Por Alfredo Espinosa*

En 1950, el pequeño artista tenía dos o tres meses, y hasta su cuna habría de alcanzarlo la tragedia.

La hierba estaba alta y seca y los campesinos de Parácuaro preparaban la tierra para el próximo cultivo. Su padre, Gabriel Aguilera, azuzado ya por las deudas y por los demonios de la locura, se dispone a quemar los montoncitos de hierba que había arrancado desde el amanecer.

El aire sopla, todavía fresco, con ráfagas furiosas.

Gabriel Aguilera prende un cerillo, lo acerca a la yesca y presurosamente la lumbrada crece, el incendio se propaga por los pastizales, su oleaje es poderoso e impredecible y cabalga por otras tierras y termina arrasando con propiedades propias y ajenas. Cuando las cenizas se dispersan por el aire, el loco Gabriel se echa al agua, asustado y con la piel quemada. Y cuando sale de ella, el pueblo entero quiere lincharlo. La familia se apresura a protegerlo y por fin se decide a llevarlo a La Castañeda, el manicomio de la Ciudad de México.

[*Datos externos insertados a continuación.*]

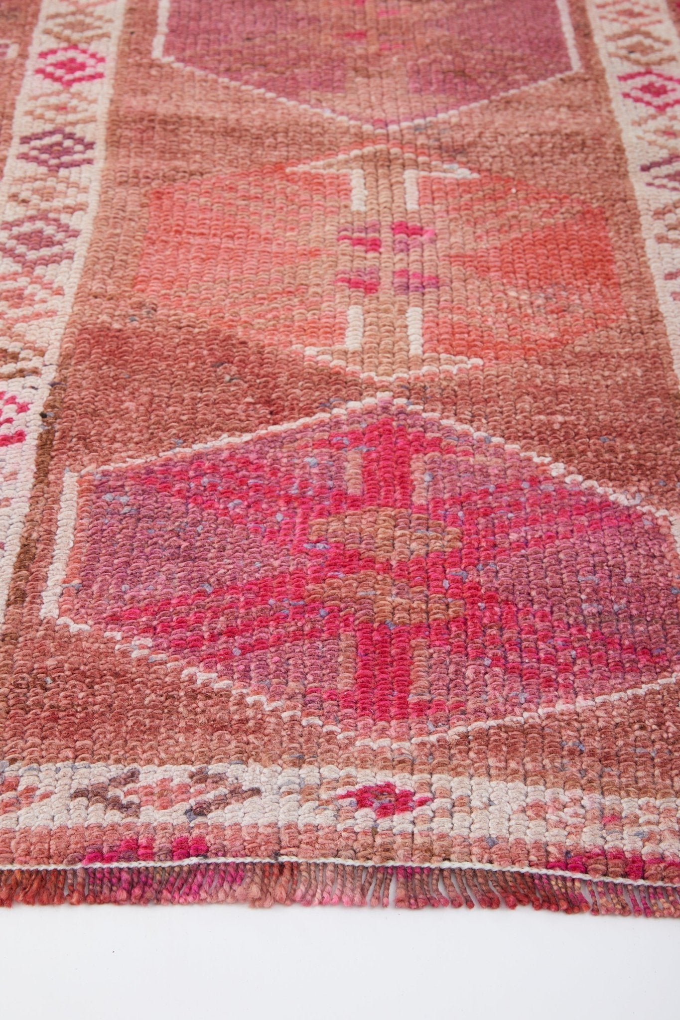 The 'Agnes' vintage Turkish rug transforms a space with its intricate pattern in varying shades of pink, blush, purple and mauve. The intricate pattern tells a story that a weaver crafted by hand many years ago. It is just the right size for a hallway or entryway, and also adds a delightful pop of color to a kitchen.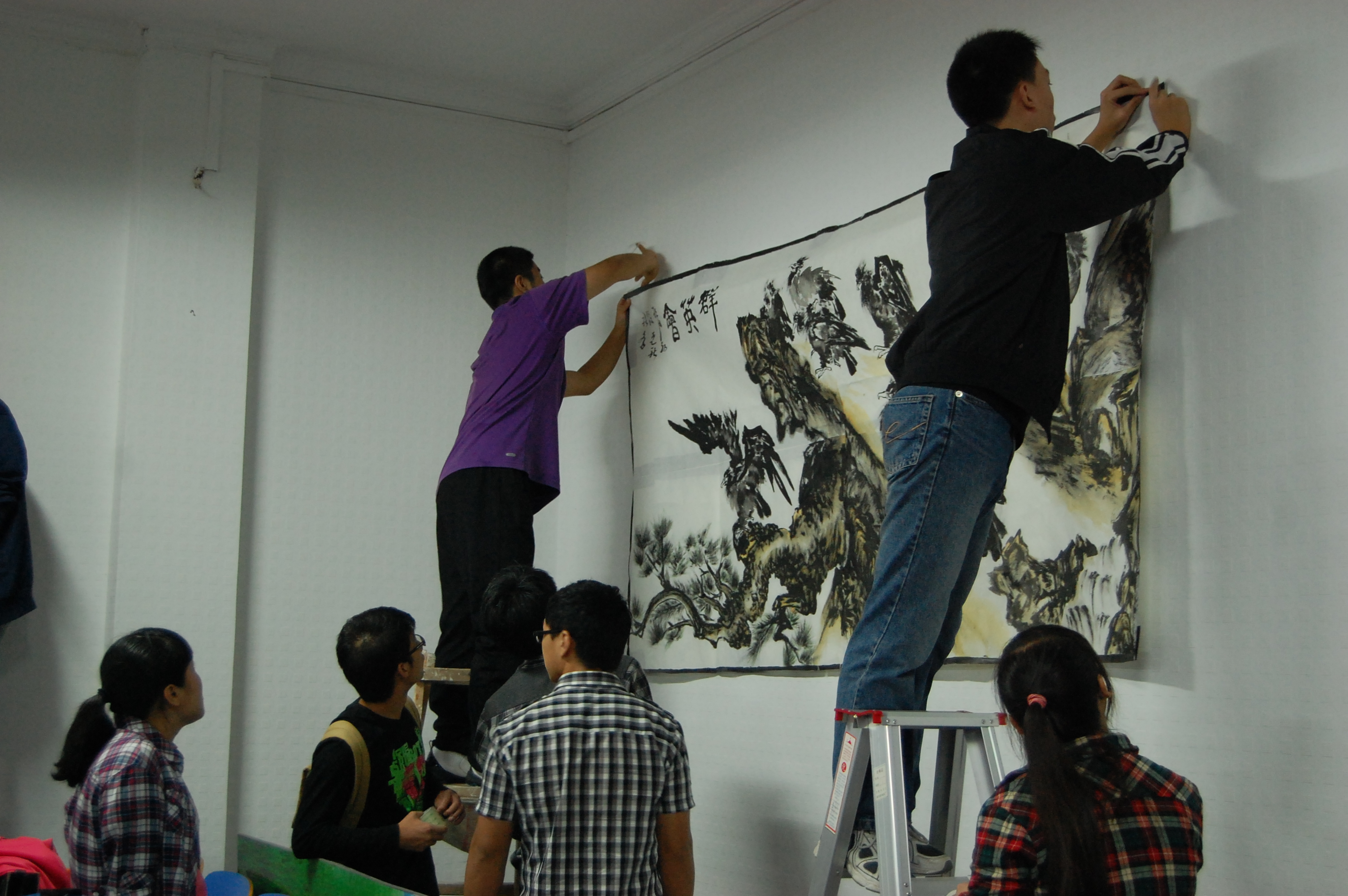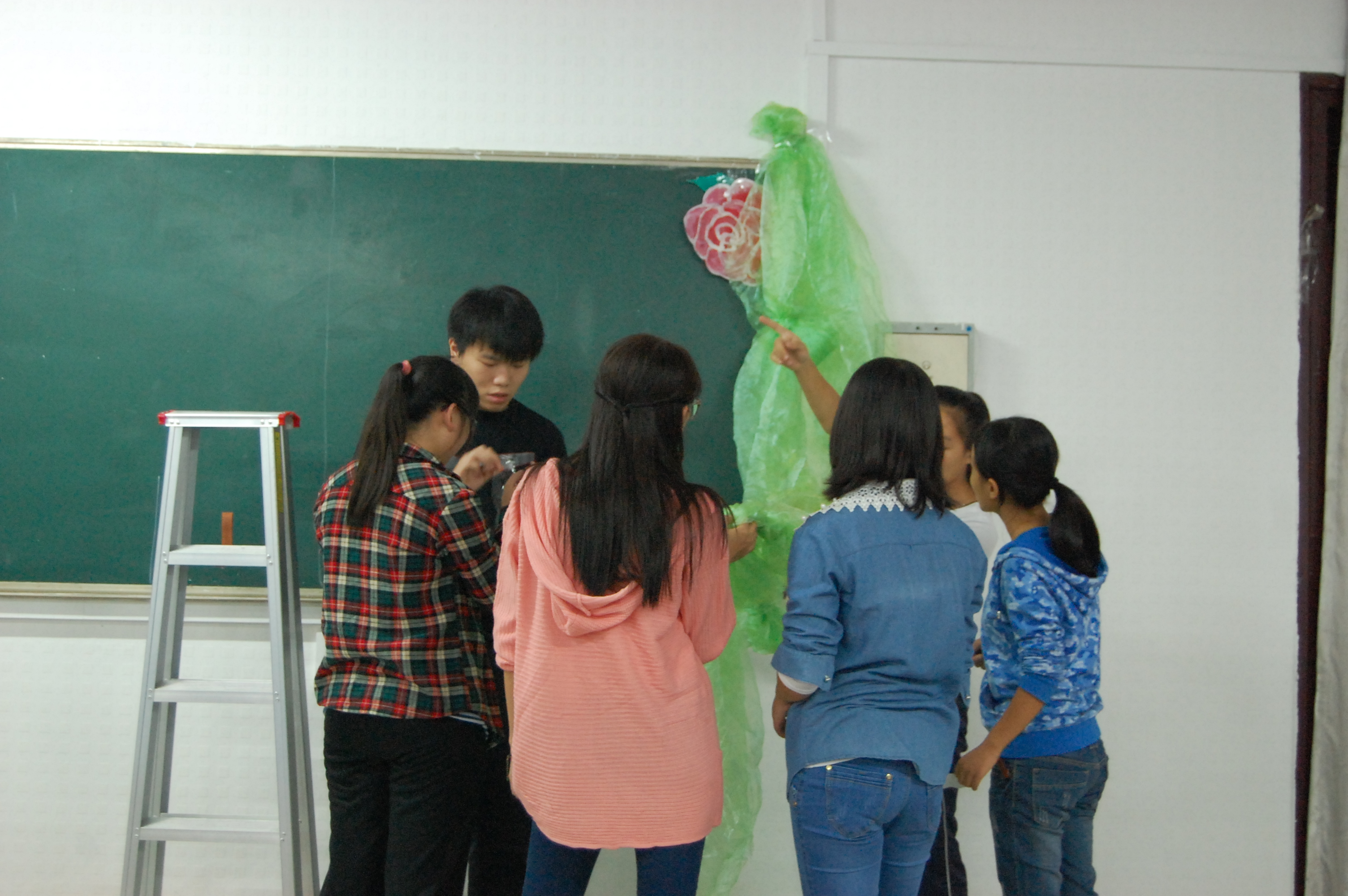 “今年的主题是‘菁菁校园迎莘莘学子’,是大家一起想出来的。会场的布置以营造温馨的气氛为主旨,让新同学们能感受到爱爱啦 大家庭的温暖。”学生会主席周庆鹏介绍道。门口摆放的宣传板上是学长学姐们的祝福寄语,黑板上贴着醒目的标语彩纸,窗户上装饰的是同学们吹出的五彩气球,墙壁上是动感的人物剪影贴纸。更有一幅气势雄浑的大型中国画为会场增添了浓浓的中国风,这幅画是才华横溢的宣传部部长丁园的杰作。大家团结协作,互帮互助,将爱爱啦 迎新会场布置的温暖美丽。

Meses después se fuga del hospital y retorna a Parácuaro. La inquietud renace, la familia se divide. Gabriel alucina y delira, por lo deciden que el loco Gabriel debe reinternarse.

Victoria, amamantando todavía al pequeño artista, en la miseria y con el marido en el manicomio de la Ciudad de México, decide cargar con sus hijos y marchar rumbo a la frontera norte. El hijo más pequeño va en sus brazos y todavía se llama Alberto Aguilera. No la deja moverse libremente. Quien años más tarde será Juan Gabriel es un estorbo y aun así Victoria emprende su viacrucis.

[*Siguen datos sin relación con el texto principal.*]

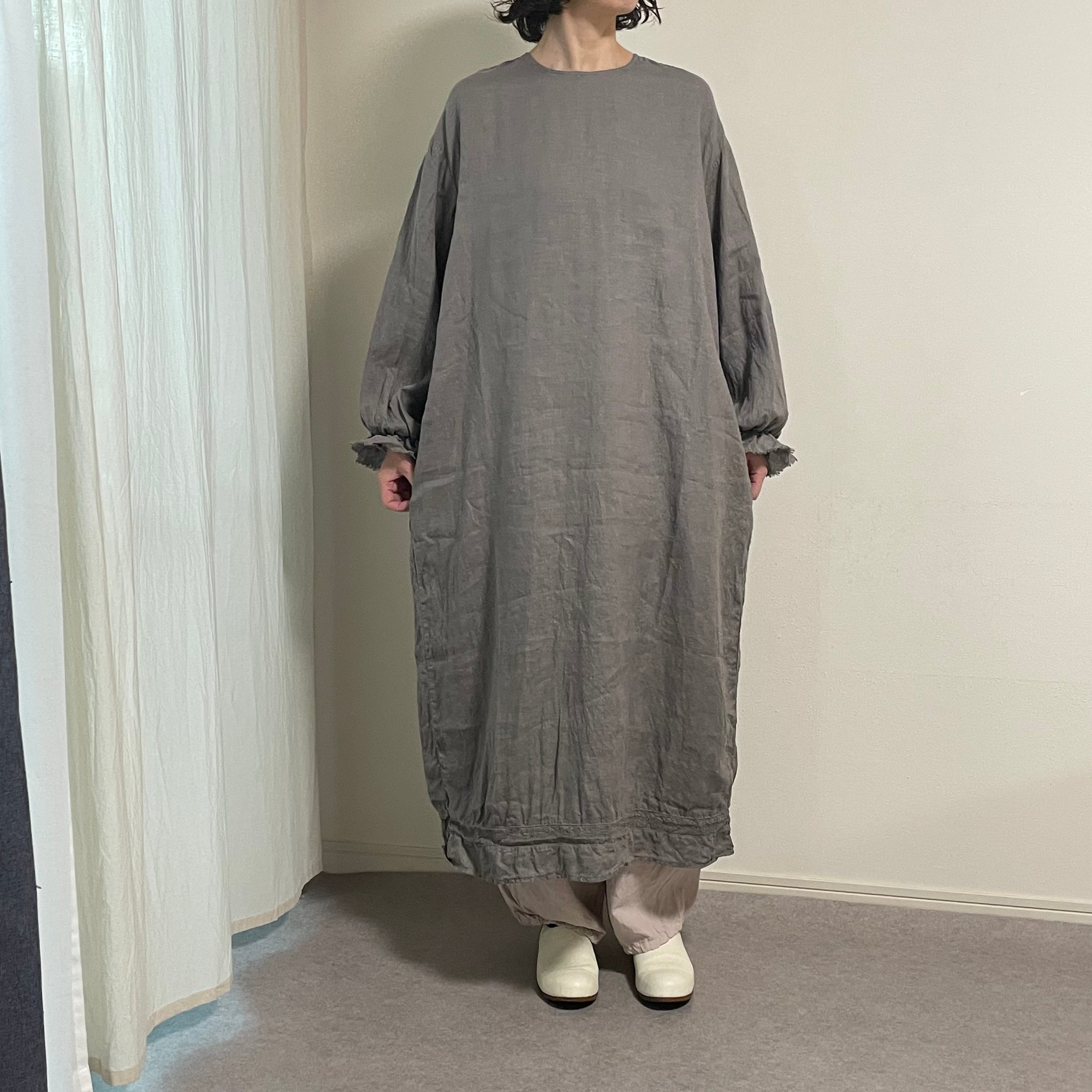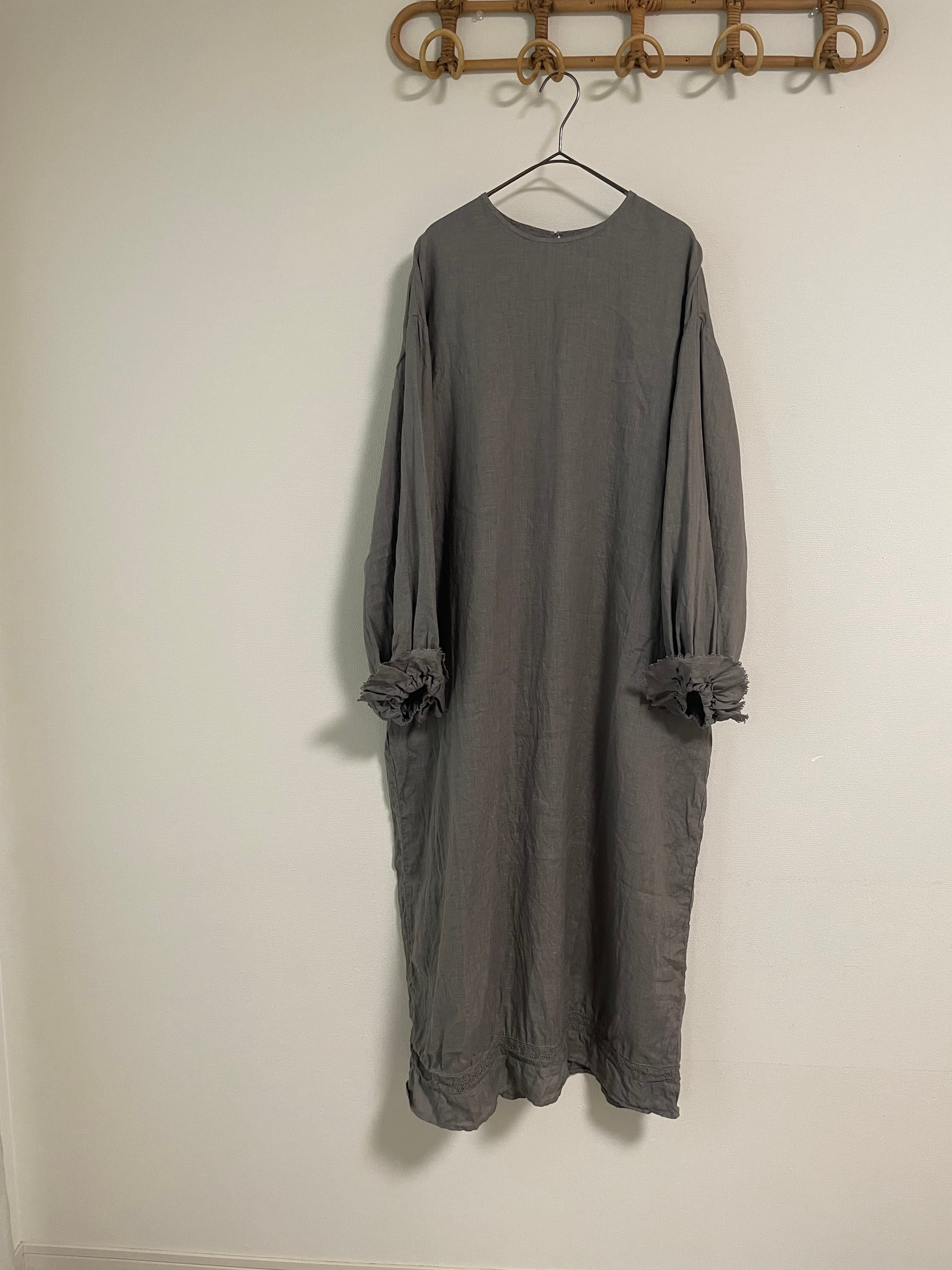 印象的な袖口フリル/オリジナルのアンティークレースで切り替えた裾のディテールもさりげなく...

La familia de Juan Gabriel es el testimonio doloroso de los fracasos de los programas gubernamentales para el campo, y documenta con su propio éxodo y trashumancia la irresponsabilidad del poder político en México.

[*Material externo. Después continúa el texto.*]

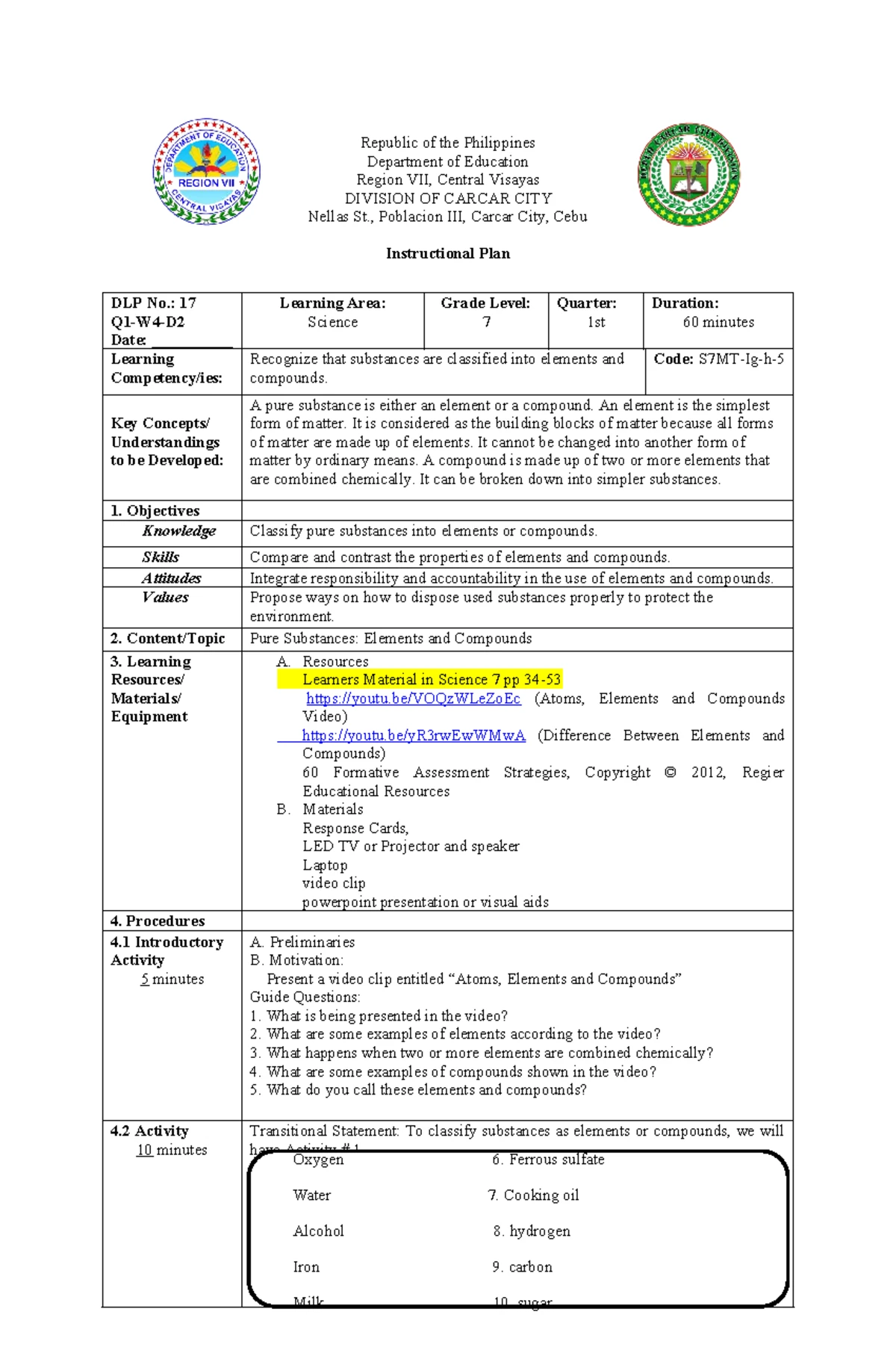 Q1-W4-D3: Science Lesson Plan on Elements & Compounds for Grade 7 - Studocu

Me has dejado solo,  estoy llorando

Al llegar a Ciudad Juárez, Victoria lucha, es paracaidista en una colonia en las márgenes de una ciudad que crece anárquicamente, construye con cartones su casa en los desiertos. Trabaja de sirvienta y sus hijos mayores suman sus fuerzas para enriquecer a la naciente y ya desalmada industria maquiladora, ese eslabón estratégico del apresurado proyecto neoliberal. Apenas ganan para sobrevivir; ella necesita apoyo para continuar las batallas en un desierto en vías de asfaltarse y se consigue un hombre. Ella jamás podrá entender la canción que veinte años más tarde cantaría un tal Juan Gabriel, que resultaría ser el hijo que cargaba entre sus brazos, acerca de que “en la frontera, en la frontera, la gente es más feliz y más sincera”.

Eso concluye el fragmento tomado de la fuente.